CARNETS DE BEYROUTH par Flora Moricet.

Avec ces « Carnets de Beyrouth » de Flora Moricet, nous inaugurons une nouvelle rubrique « CARNETS » confiée à nos correspondants à l’Etranger ou à des artistes et auteurs qui, sous la forme d’une chronique régulière, viendront abonder INFERNO d’un point de vue singulier sur une ville, un pays, enrichissant ainsi la revue d’un regard attentif à notre monde contemporain.

Beyrouth,

Depuis de nombreux mois maintenant se croisent, à Beyrouth, des regards qui ont vu l’Histoire vivante à en mourir dans le pays voisin. Un peu plus au nord, un peu plus à l’est. Beyrouth, la parenthèse. Beyrouth, l’oxygène. Beyrouth, à l’heure de l’exil.

Visages de Syrie / A l’heure de l’exil

J’ai toutes les chances de le croiser, à toute heure avant minuit. Dimanche ou vendredi, il sera là. Devant des jeux, debout à tendre un sac, à choisir tomates et kakis pour une femme traversée par les rides, assis rêveur. Je le reconnais par son sourire. Qui se lève plus haut que la prière du muezzin. Il s’illumine. Il est un rêve qui se réveille.

Le premier jour, j’avais perdu 9 000 livres libanaises. La main sur la bouche, les joues honteuses je m’en suis allée. Une semaine plus tard, il avait retrouvé mon argent. Il m’a dit qu’il m’attendait, sinon il l’aurait donné à quelqu’un qui en manquerait.
Il est tout de même timide ce visage. Derrière son bureau, il a le sourire parfois dans le menton.

Je ne sais pas ce qu’ils ont vu ses yeux. Mais aujourd’hui, ils pétillent toujours.
Peut-être qu’ils me cachent son ennui.

Très vite, il m’a dit qu’il venait de Syrie. Le lendemain qu’il venait de Homs. Je n’avais pas bien entendu. Il me l’a située sur une carte imaginaire. Et quelques mots venus de loin.

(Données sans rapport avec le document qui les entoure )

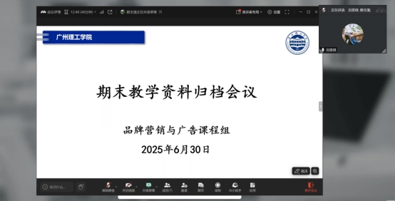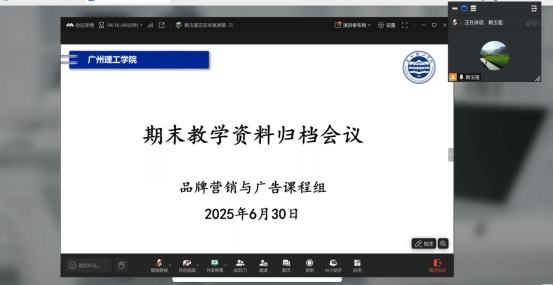 (赖玉莲)为系统梳理本学期教学成果,确保期末资料归档工作的规范、完整与高效,品牌营销与广告课程组于2025年6月30日上午,通过线上腾讯会议的形式,成功召开了期末教学资料归档专项工作会议。本次会议由课程组组长赖玉莲老师主持,课程组全体任课教师参加,共同聚焦期末教学资料(课件、教学大纲、教案等)的标准化归档流程,旨在提升教学管理精细化水平,为教学质量持续改进奠定坚实基础。

A mon retour de France il m’a dit : tu es partie depuis 14 jours. Ce matin : tu n’es pas venue depuis 4 jours, are you sick ? Il doit s’ennuyer pour compter les jours.

Il passait Noël tout seul, parce qu’il n’est pas marié, qu’il n’a pas d’amis ici, pas de petite copine.

Mais il sourit encore. Un sourire venu de loin.

Je ne lui pose aucune autre question que celle de sa journée. S’il a gagné au foot sur l’écran. S’il est fatigué. Et je m’en vais les mains dans les poches de mon manteau bourgeois.

Quelques euros contre quelques livres de Syrie. En souvenirs.

Il me dit espérer retrouver la Syrie l’été prochain. Je me demande s’il dort à l’étage. Si cela lui arrive de quitter une heure ou deux, une balade ou trois quatre pas son épicerie en pente, au coin de Beydoun, aux abords d’Achrafieh, le quartier chic des francophones. Le quartier tamisé.

Il m’a demandé si j’aimais le vin. J’ai eu un peu honte. Moi qui lui achète des Almazas –bières locales- plutôt tous les jours et une bouteille de Ksara en fin de semaine, prête à me joindre à quelques foules dissidentes.
D’ailleurs pour l’alcool il me l’enrobe toujours d’un sac noir.

J’ai un peu honte, moi, de venir de la ville des lumières, de subvenir à mes envies comme ça, de revenir avec mes phrases qui se répètent.

Je crois qu’il compte et qu’il attend. Sans vraiment attendre. Juste sentir la journée se déployer.